__EXERCISE INSTRUCTIONS__.
Quote the lines of the data below verbatim, beginning at the line that contains "- Рукописные тексты" and ending at the last line, both included, and excluding pictures.

__INFORMATION SUPPLIED__.
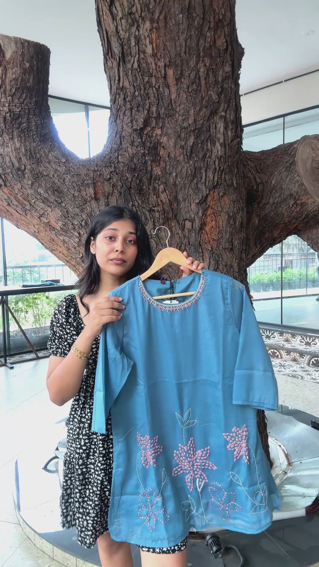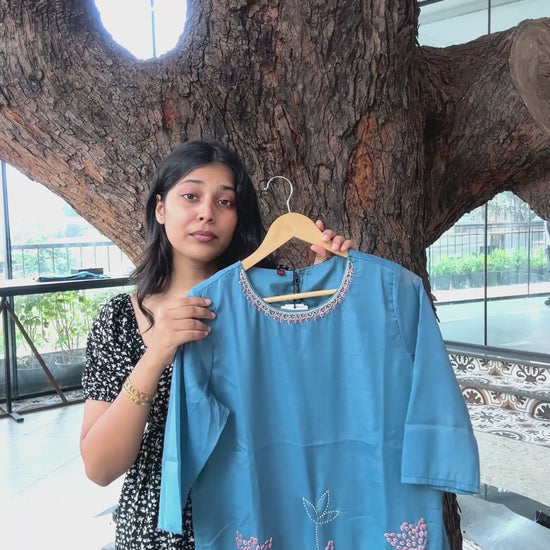 This beautiful blue kurta set brings together elegance and comfort. The soft, breathable fabric ensures a relaxed fit, while the delicate floral embroidery adds a touch of sophistication.
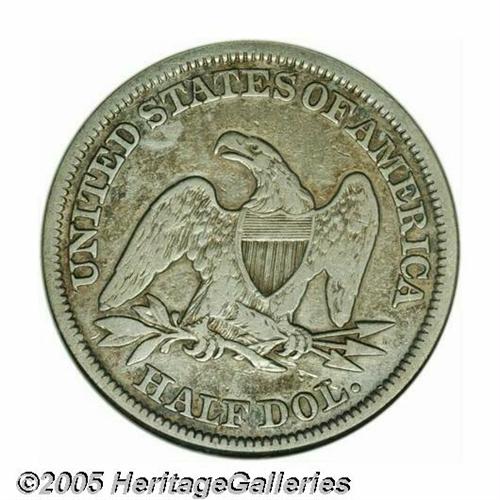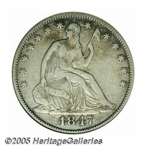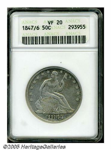 <B>1847/6<50C> VF20 ANACS.</B></I> FS-004, WB-102. The bottom curve of a 6 is obvious, located southwest of the 7 in the date. A desirable <I>Guide Book</B></I> variety that is coveted in all grades. The <I>Cherrypickers' Guide</B></I> states, "An extremely rare variety in any grade." This problem-free piece has light peripheral freckles of golden-brown and apple-green patina. LIBERTY is fully legible, and the eagle's wings have ample plumage detail.<BR><I>From The Empire State Collection.</B></I>
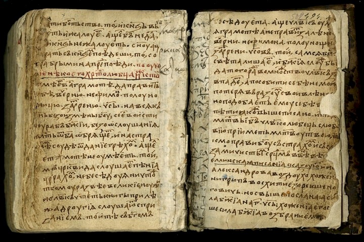 - Рукописные тексты XI столетия. Представляют собой книги без пробелов. Заглавные буквы в них отсутствуют, но сам текст начинается с красиво оформленной буквицы — исполненной красным цветом первой буквы первого слова. Читать такие произведения довольно сложно. Адаптировать их к современному виду также весьма проблематично, с чем и связано большое количество ошибок и неточностей, ряд которых были выявлены позднее. В этот период использовались только точки, но ставились они не в конце предложения, обозначая его завершение, а над словами, привнося дополнительный смысл. Например, 4 точки обозначали крест.
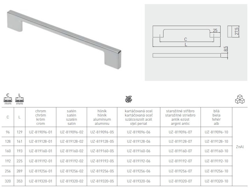 UZ – 819 – finom és egyszerű fogantyú Az UZ-819 minden típusú bútorhoz megoldás.

__TASK ANSWER__.
 - Рукописные тексты XI столетия. Представляют собой книги без пробелов. Заглавные буквы в них отсутствуют, но сам текст начинается с красиво оформленной буквицы — исполненной красным цветом первой буквы первого слова. Читать такие произведения довольно сложно. Адаптировать их к современному виду также весьма проблематично, с чем и связано большое количество ошибок и неточностей, ряд которых были выявлены позднее. В этот период использовались только точки, но ставились они не в конце предложения, обозначая его завершение, а над словами, привнося дополнительный смысл. Например, 4 точки обозначали крест.
 UZ – 819 – finom és egyszerű fogantyú Az UZ-819 minden típusú bútorhoz megoldás.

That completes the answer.